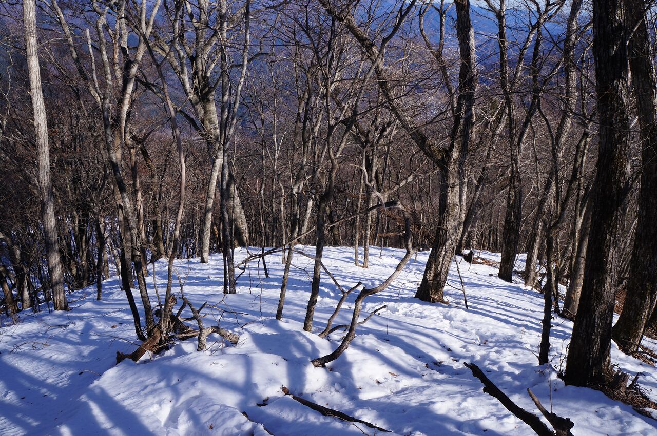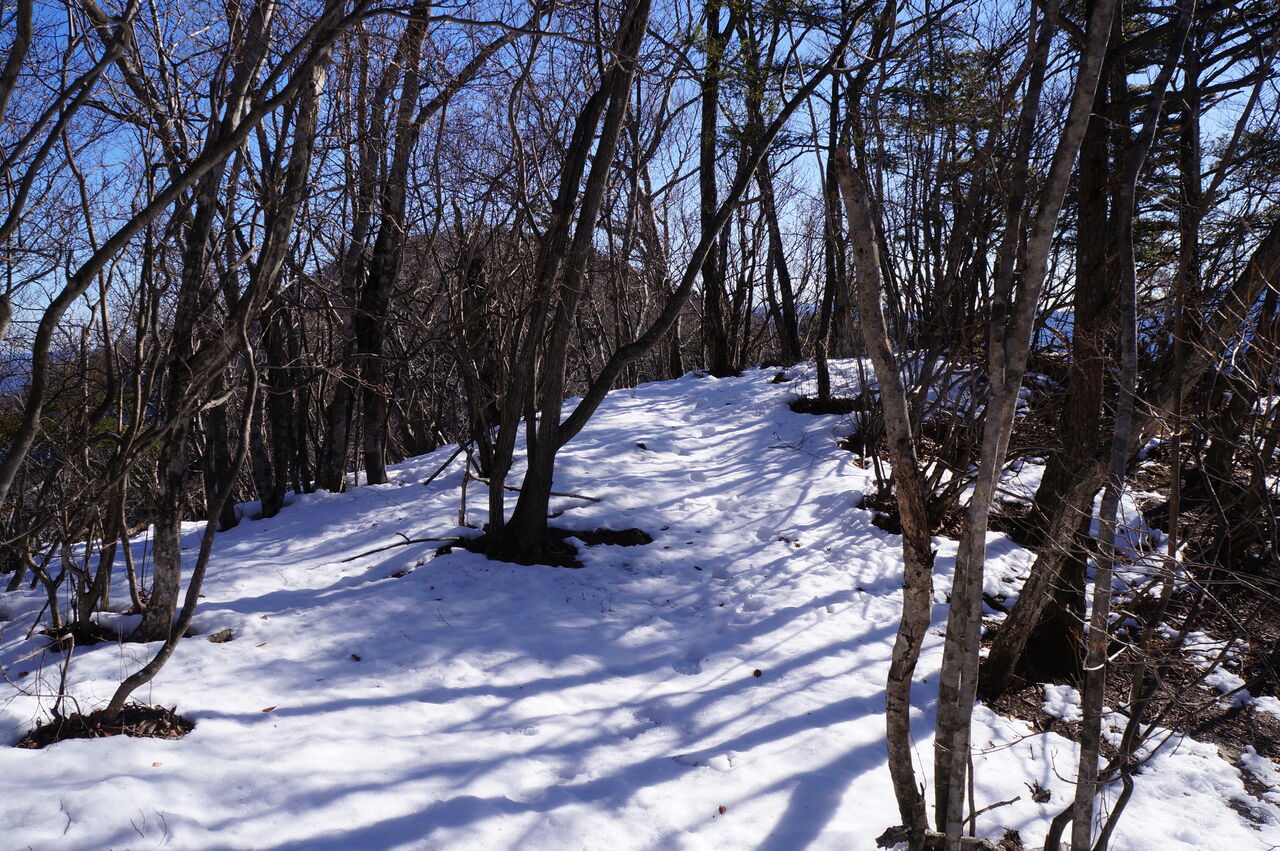 しかし、悪い事だけでは無かった。主稜線の南側には全く雪が無かったのだ。鶴ヶ鳥屋山の先に南面を下るコースがあったからだ。そうだ、そうしよう。
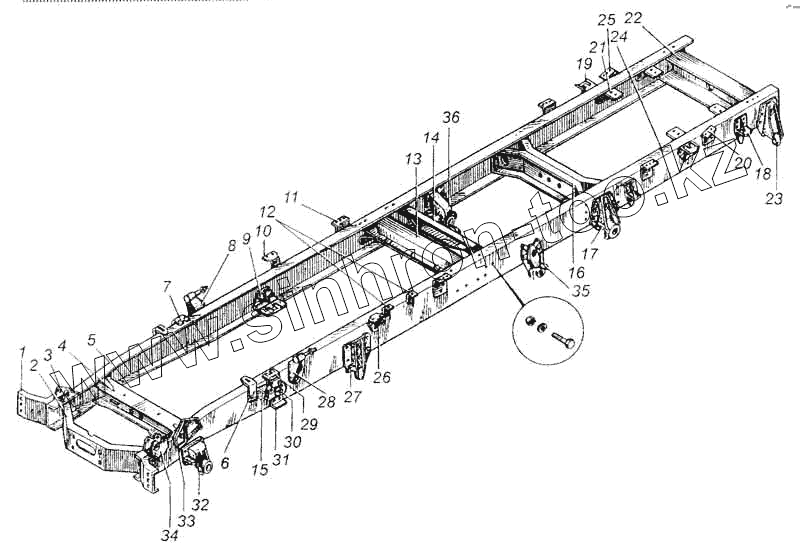 Каталог запасных частей к технике: МАЗ-5335. Рама автомобиля МАЗ-509А
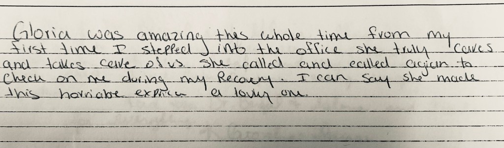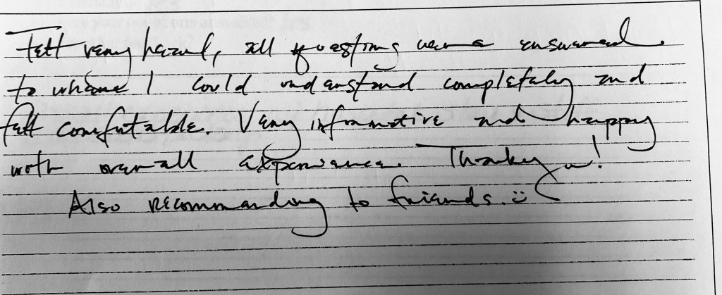 Very knowledgeable of my situation. Wonderful with her patient / me. Treated me with respect and listened to my concerns. Couldn’t of asked for better.
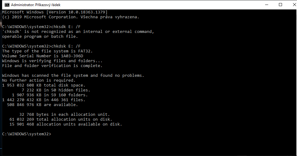 když spustím chkdsk tak to napíše že nejsou žádné problémy
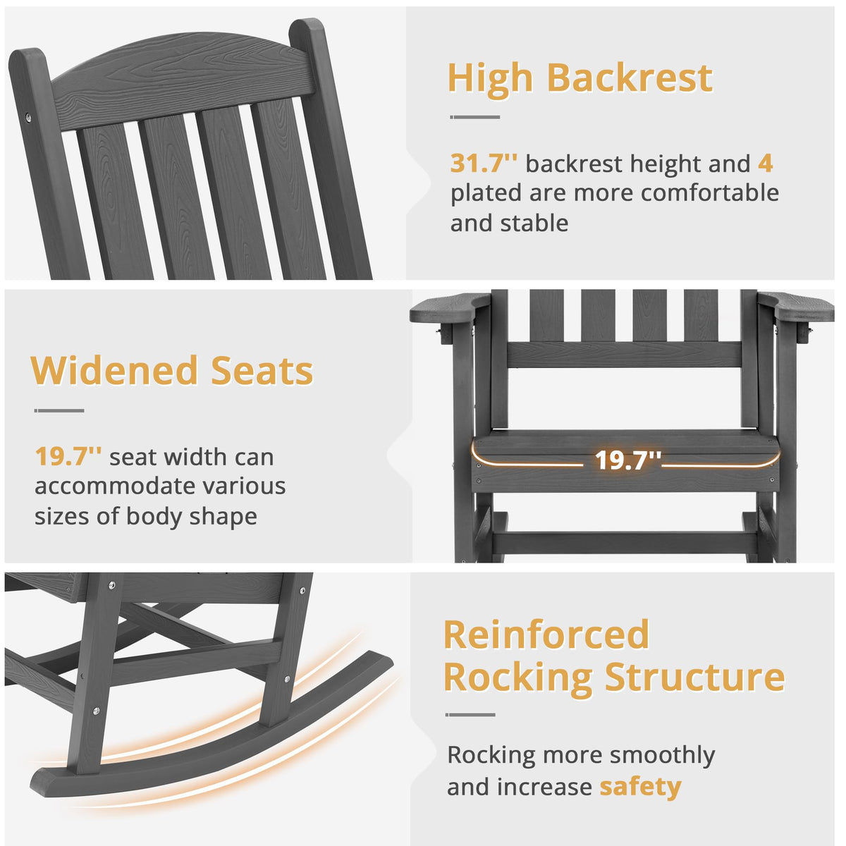 Weather Resistance: The Rocking Chair Is Crafted With Hdps With Excellent Durability Which Will Not Fade, Crack, Peel; It Can Withstand Various Environmental Pressures, Including Sun, Snow And Strong Wind, The 304 Stainless Steel Screws Connected Make The Chair More Long-Lasting | Maximum Comfort: Boasting Dimensions Of 35.2'' D X 25.9’’ W X 41.7’’ H, This Patio Rocking Chair Offers An Extra Higher 31.7’’ Raised Backrest That Relieves Any Tension In Your Neck; 19.7’’ Wide Seat Is Contoured To Support A Natural Sitting Position; The Smooth Slat Corners Prevent Accidental Bumps | Anti-Rollover: The Porch Rocker Features Four Supporting Points With Cross Bars, These Front Porch Rocking Chairs Evenly Disperse The Pressure To Each Point; The Accurate Calibration Of The Rocking Radian Ensures Personal Safety, Enhances Balance, And Achieves Ultimate Relaxation | Modern Style: The Rocking Chair Is A Simple And Elegant Style That Can Blend Perfectly Into Any Decor; The Anti-Wood Surface With Classic Color Adds Movement And Lightness To The Chair; You Can Sit On It To Enjoy Leisure Time In The Living Room, Garden, Patio, Balcony, And Other Areas | Easy To Assemble And Maintain: Clear Instructions And High-Quality Hardware Make Assembly Very Easy; No Need To Paint Or Stain During Maintenance, Just Clean With Soap, Water, And A Soft Brush Or Sponge, No Other Maintenance Is Required

_Problem to solve:_ Exactly the lines from the one holding "Каталог запасных частей" to the last line of the records above should be duplicated, with no pictures among them.

_Result for this task:_
 Каталог запасных частей к технике: МАЗ-5335. Рама автомобиля МАЗ-509А
 Very knowledgeable of my situation. Wonderful with her patient / me. Treated me with respect and listened to my concerns. Couldn’t of asked for better.
 když spustím chkdsk tak to napíše že nejsou žádné problémy
 Weather Resistance: The Rocking Chair Is Crafted With Hdps With Excellent Durability Which Will Not Fade, Crack, Peel; It Can Withstand Various Environmental Pressures, Including Sun, Snow And Strong Wind, The 304 Stainless Steel Screws Connected Make The Chair More Long-Lasting | Maximum Comfort: Boasting Dimensions Of 35.2'' D X 25.9’’ W X 41.7’’ H, This Patio Rocking Chair Offers An Extra Higher 31.7’’ Raised Backrest That Relieves Any Tension In Your Neck; 19.7’’ Wide Seat Is Contoured To Support A Natural Sitting Position; The Smooth Slat Corners Prevent Accidental Bumps | Anti-Rollover: The Porch Rocker Features Four Supporting Points With Cross Bars, These Front Porch Rocking Chairs Evenly Disperse The Pressure To Each Point; The Accurate Calibration Of The Rocking Radian Ensures Personal Safety, Enhances Balance, And Achieves Ultimate Relaxation | Modern Style: The Rocking Chair Is A Simple And Elegant Style That Can Blend Perfectly Into Any Decor; The Anti-Wood Surface With Classic Color Adds Movement And Lightness To The Chair; You Can Sit On It To Enjoy Leisure Time In The Living Room, Garden, Patio, Balcony, And Other Areas | Easy To Assemble And Maintain: Clear Instructions And High-Quality Hardware Make Assembly Very Easy; No Need To Paint Or Stain During Maintenance, Just Clean With Soap, Water, And A Soft Brush Or Sponge, No Other Maintenance Is Required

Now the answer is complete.